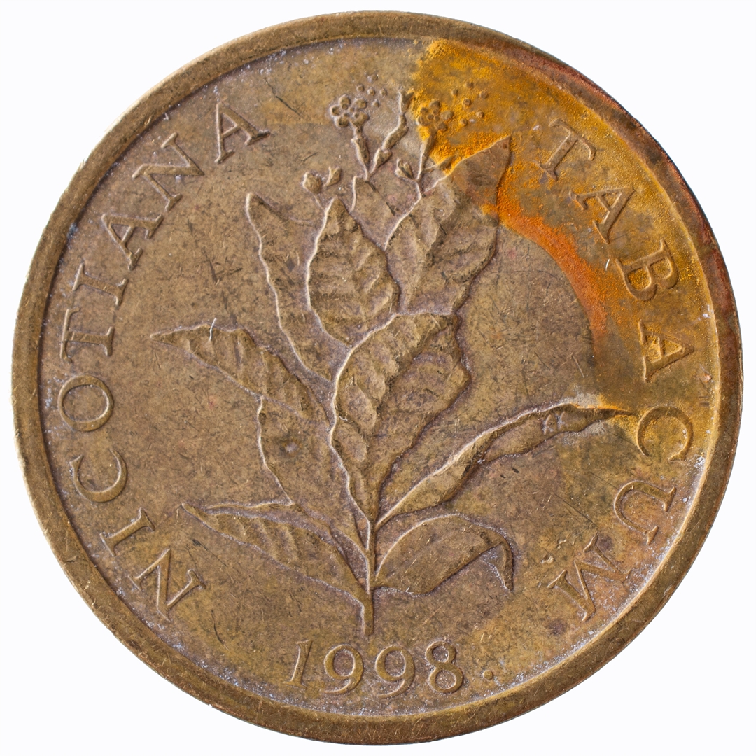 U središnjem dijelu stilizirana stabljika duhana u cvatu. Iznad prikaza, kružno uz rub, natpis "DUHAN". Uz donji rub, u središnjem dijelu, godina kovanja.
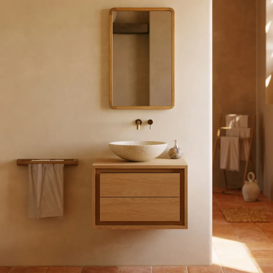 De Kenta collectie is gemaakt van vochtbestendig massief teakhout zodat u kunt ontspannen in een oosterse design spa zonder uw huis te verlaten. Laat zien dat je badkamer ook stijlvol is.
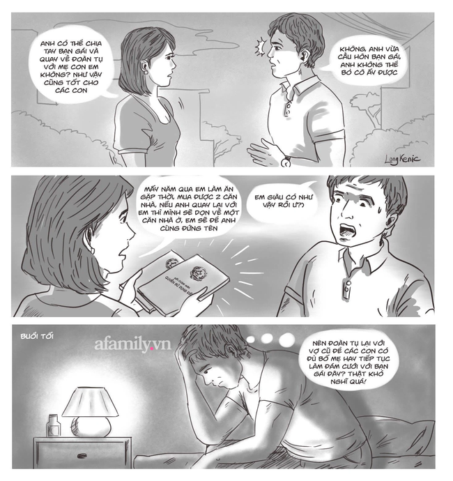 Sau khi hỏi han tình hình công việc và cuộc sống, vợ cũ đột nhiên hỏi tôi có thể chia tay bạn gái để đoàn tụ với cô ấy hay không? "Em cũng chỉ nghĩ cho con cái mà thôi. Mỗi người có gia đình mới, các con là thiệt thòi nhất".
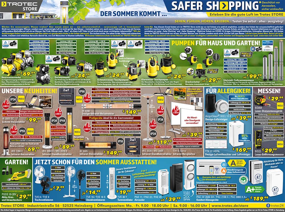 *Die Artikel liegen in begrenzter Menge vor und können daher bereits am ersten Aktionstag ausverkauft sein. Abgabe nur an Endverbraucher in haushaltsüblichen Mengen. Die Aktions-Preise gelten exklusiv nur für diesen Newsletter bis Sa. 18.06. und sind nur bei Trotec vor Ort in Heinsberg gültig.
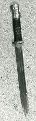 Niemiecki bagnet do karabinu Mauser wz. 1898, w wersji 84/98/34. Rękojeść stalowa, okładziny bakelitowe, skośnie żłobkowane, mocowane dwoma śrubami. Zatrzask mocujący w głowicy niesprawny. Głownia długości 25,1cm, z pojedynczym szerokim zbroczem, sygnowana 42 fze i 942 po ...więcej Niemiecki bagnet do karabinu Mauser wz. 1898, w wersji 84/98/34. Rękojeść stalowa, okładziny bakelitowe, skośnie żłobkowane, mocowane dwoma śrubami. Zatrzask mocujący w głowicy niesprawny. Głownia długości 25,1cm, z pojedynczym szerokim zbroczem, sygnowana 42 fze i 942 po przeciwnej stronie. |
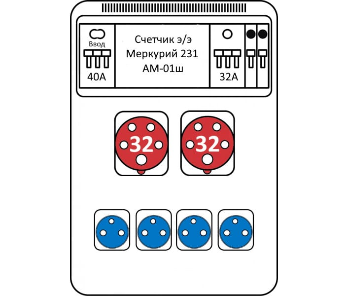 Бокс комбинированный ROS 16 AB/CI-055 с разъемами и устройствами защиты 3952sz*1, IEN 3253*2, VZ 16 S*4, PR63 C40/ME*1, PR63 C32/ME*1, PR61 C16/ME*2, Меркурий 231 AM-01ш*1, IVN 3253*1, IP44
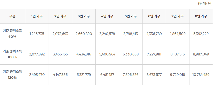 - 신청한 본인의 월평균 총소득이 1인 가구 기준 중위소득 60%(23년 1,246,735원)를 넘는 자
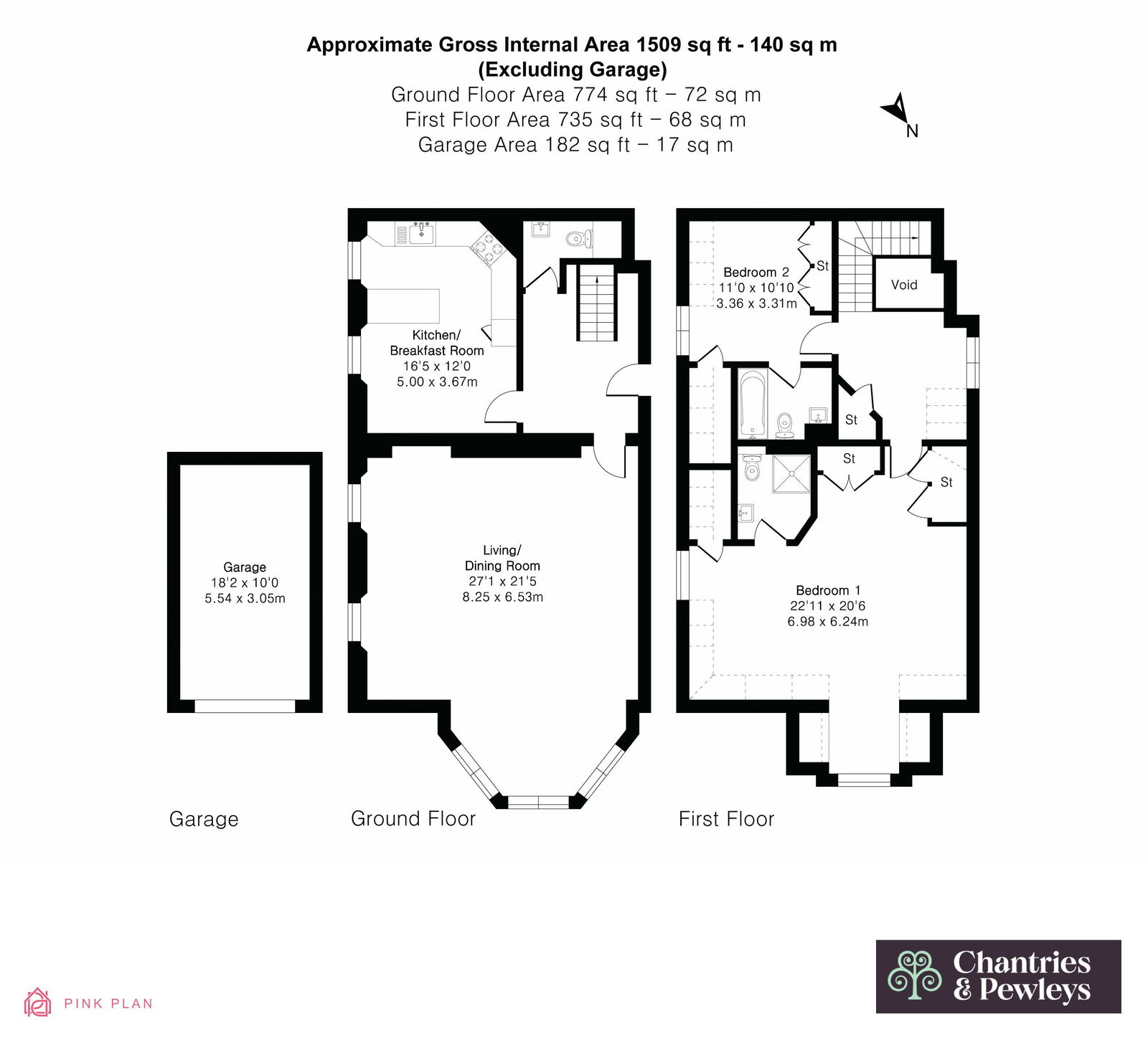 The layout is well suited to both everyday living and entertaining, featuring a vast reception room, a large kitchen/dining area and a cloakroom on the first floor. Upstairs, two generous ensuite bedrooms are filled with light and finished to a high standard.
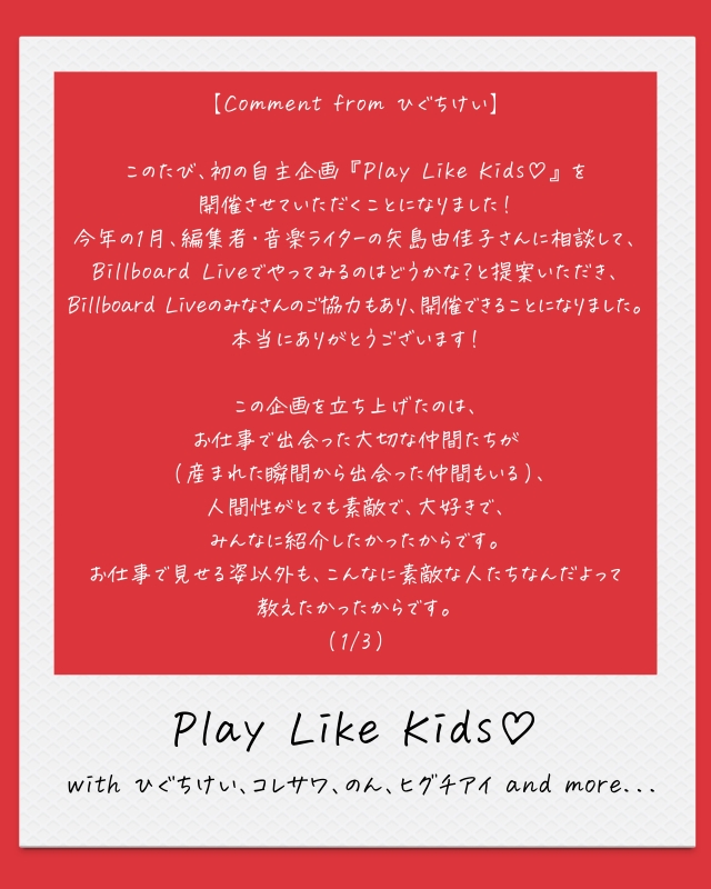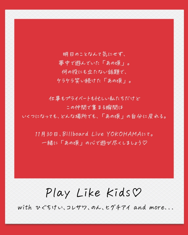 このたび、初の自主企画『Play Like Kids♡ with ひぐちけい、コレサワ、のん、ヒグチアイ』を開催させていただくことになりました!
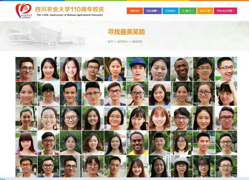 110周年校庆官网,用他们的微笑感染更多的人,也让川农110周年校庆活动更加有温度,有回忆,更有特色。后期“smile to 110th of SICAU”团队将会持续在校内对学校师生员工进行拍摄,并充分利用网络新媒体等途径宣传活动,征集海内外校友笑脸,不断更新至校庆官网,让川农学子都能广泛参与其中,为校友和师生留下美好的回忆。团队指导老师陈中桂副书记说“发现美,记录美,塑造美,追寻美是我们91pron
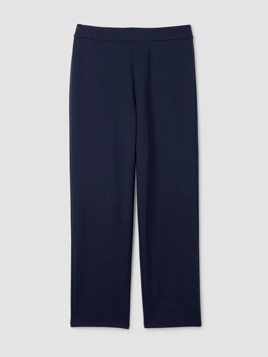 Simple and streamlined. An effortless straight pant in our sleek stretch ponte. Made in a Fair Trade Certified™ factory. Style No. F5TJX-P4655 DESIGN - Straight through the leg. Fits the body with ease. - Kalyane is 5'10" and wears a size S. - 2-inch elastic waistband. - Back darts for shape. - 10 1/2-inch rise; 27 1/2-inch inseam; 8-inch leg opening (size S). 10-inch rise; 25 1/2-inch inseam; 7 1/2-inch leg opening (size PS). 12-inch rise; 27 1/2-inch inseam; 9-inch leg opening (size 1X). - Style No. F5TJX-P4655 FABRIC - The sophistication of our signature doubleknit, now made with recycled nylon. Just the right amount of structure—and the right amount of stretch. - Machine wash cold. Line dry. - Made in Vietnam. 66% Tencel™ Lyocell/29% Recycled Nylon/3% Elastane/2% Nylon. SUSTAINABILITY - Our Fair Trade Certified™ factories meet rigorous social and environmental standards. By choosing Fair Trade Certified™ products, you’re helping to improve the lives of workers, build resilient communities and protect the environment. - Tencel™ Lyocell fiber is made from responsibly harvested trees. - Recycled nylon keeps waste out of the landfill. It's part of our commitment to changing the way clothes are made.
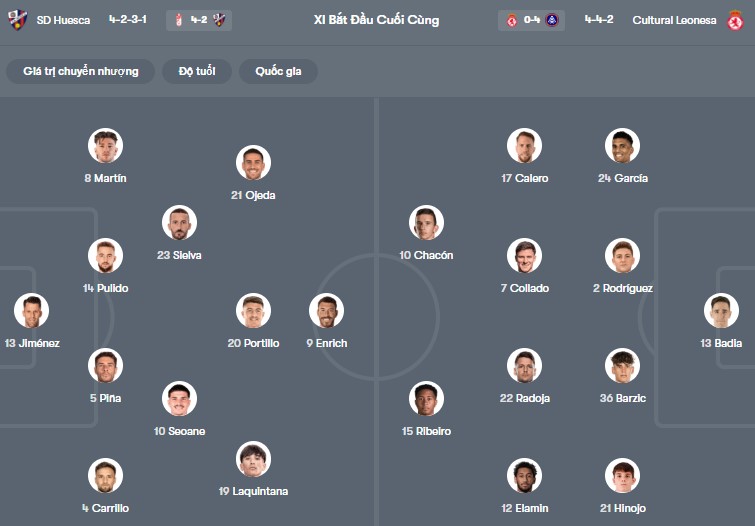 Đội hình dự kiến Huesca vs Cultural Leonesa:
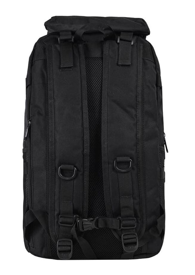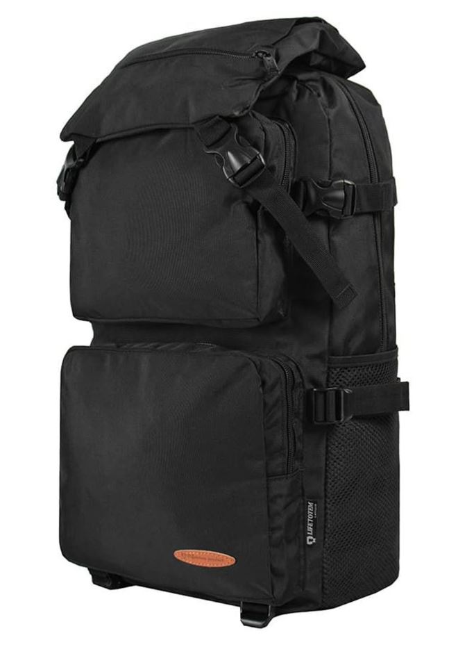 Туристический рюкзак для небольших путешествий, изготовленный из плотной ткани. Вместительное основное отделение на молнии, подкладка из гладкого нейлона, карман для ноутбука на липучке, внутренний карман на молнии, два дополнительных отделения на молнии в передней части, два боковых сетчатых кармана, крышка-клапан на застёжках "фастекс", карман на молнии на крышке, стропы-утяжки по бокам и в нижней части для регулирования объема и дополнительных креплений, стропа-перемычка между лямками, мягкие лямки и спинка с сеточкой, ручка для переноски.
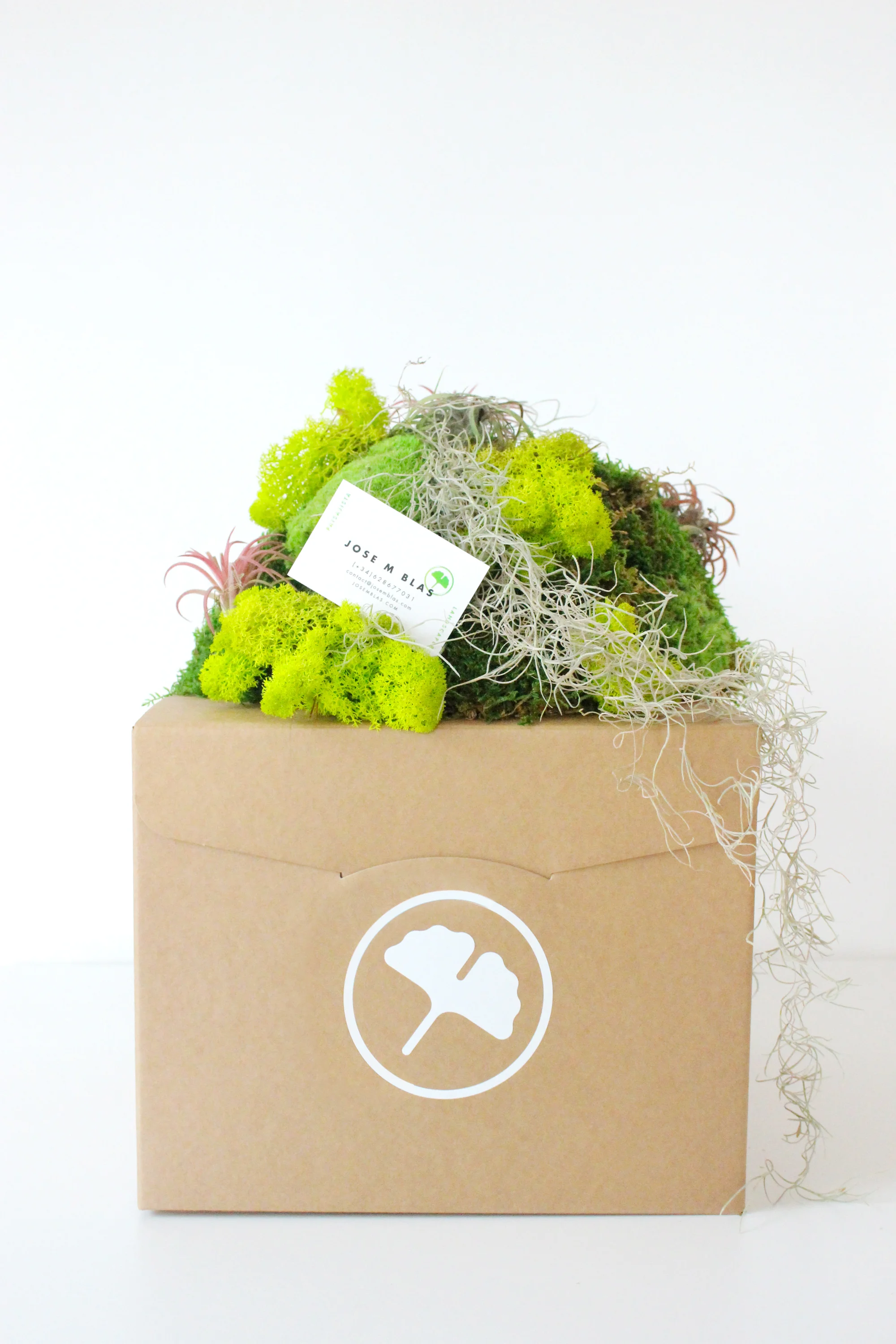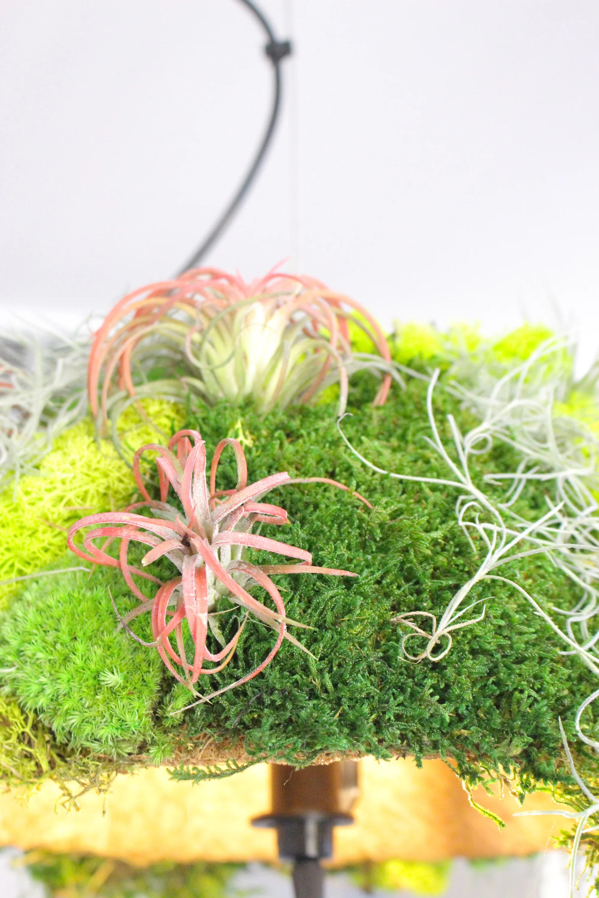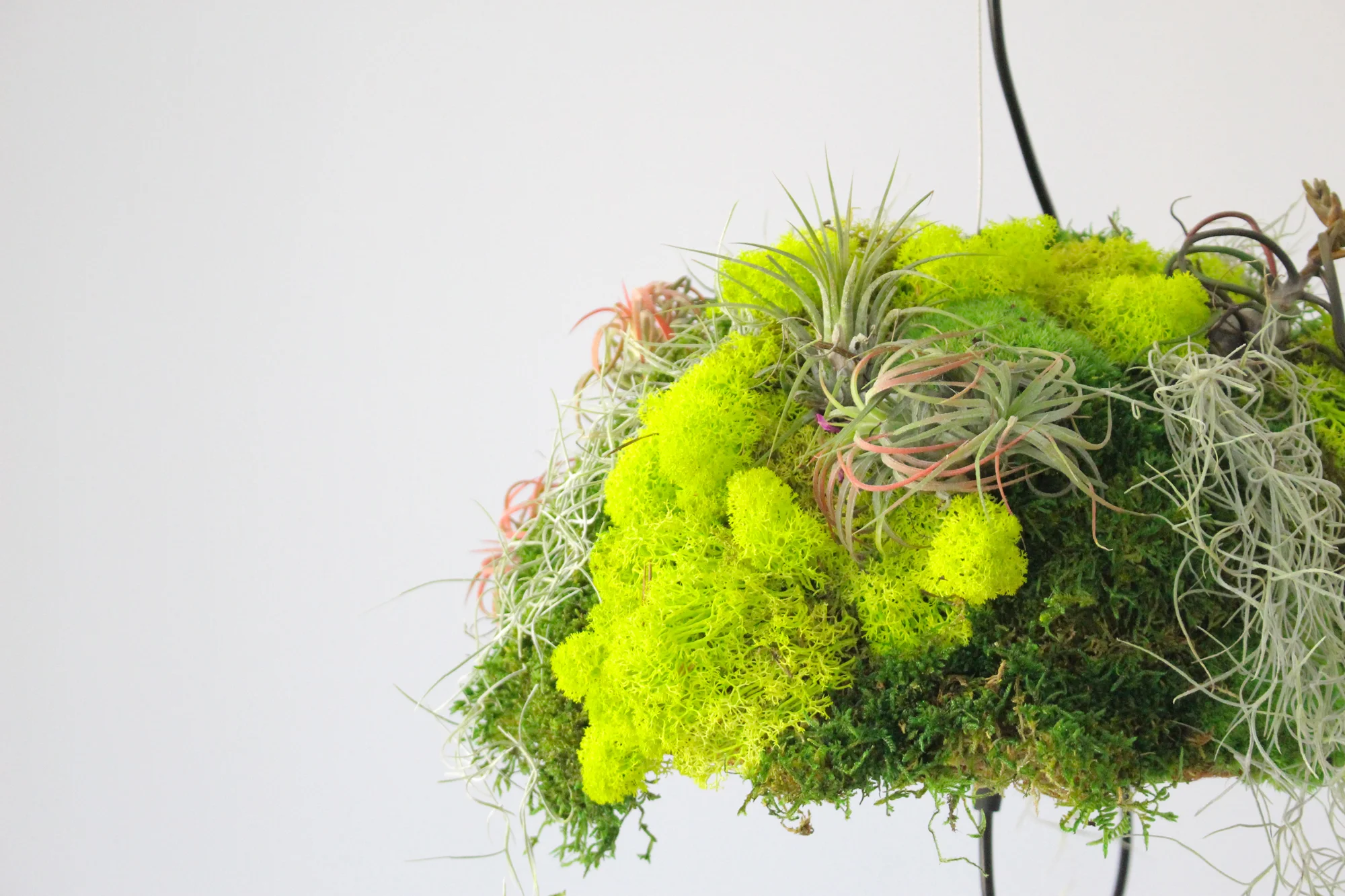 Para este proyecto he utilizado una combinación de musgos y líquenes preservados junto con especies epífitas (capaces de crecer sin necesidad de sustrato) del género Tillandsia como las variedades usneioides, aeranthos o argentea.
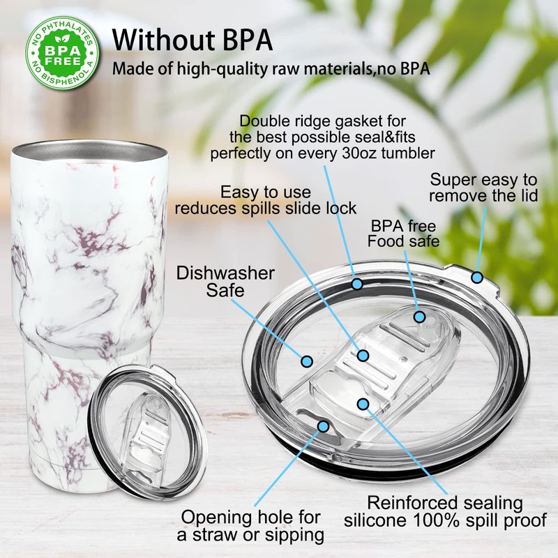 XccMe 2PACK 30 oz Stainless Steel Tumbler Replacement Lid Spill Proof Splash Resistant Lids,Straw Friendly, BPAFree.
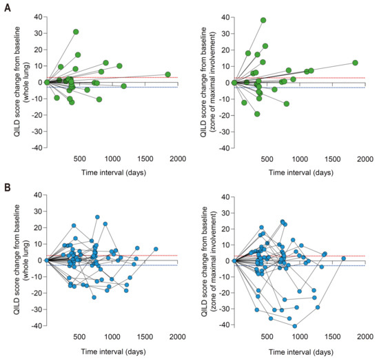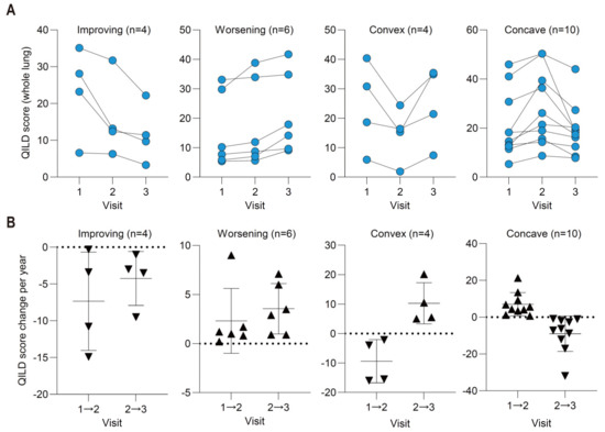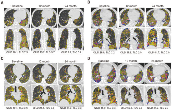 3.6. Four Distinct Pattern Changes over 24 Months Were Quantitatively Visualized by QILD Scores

━━━━━━━━━━

What is expected = Using the data above, return the lines from the one holding "in Heinsberg gültig." through the one holding "to 110th of" exactly, but not the pictures.

Written response =
 *Die Artikel liegen in begrenzter Menge vor und können daher bereits am ersten Aktionstag ausverkauft sein. Abgabe nur an Endverbraucher in haushaltsüblichen Mengen. Die Aktions-Preise gelten exklusiv nur für diesen Newsletter bis Sa. 18.06. und sind nur bei Trotec vor Ort in Heinsberg gültig.
 Niemiecki bagnet do karabinu Mauser wz. 1898, w wersji 84/98/34. Rękojeść stalowa, okładziny bakelitowe, skośnie żłobkowane, mocowane dwoma śrubami. Zatrzask mocujący w głowicy niesprawny. Głownia długości 25,1cm, z pojedynczym szerokim zbroczem, sygnowana 42 fze i 942 po ...więcej Niemiecki bagnet do karabinu Mauser wz. 1898, w wersji 84/98/34. Rękojeść stalowa, okładziny bakelitowe, skośnie żłobkowane, mocowane dwoma śrubami. Zatrzask mocujący w głowicy niesprawny. Głownia długości 25,1cm, z pojedynczym szerokim zbroczem, sygnowana 42 fze i 942 po przeciwnej stronie. |
 Бокс комбинированный ROS 16 AB/CI-055 с разъемами и устройствами защиты 3952sz*1, IEN 3253*2, VZ 16 S*4, PR63 C40/ME*1, PR63 C32/ME*1, PR61 C16/ME*2, Меркурий 231 AM-01ш*1, IVN 3253*1, IP44
 - 신청한 본인의 월평균 총소득이 1인 가구 기준 중위소득 60%(23년 1,246,735원)를 넘는 자
 The layout is well suited to both everyday living and entertaining, featuring a vast reception room, a large kitchen/dining area and a cloakroom on the first floor. Upstairs, two generous ensuite bedrooms are filled with light and finished to a high standard.
 このたび、初の自主企画『Play Like Kids♡ with ひぐちけい、コレサワ、のん、ヒグチアイ』を開催させていただくことになりました!
 110周年校庆官网,用他们的微笑感染更多的人,也让川农110周年校庆活动更加有温度,有回忆,更有特色。后期“smile to 110th of SICAU”团队将会持续在校内对学校师生员工进行拍摄,并充分利用网络新媒体等途径宣传活动,征集海内外校友笑脸,不断更新至校庆官网,让川农学子都能广泛参与其中,为校友和师生留下美好的回忆。团队指导老师陈中桂副书记说“发现美,记录美,塑造美,追寻美是我们91pron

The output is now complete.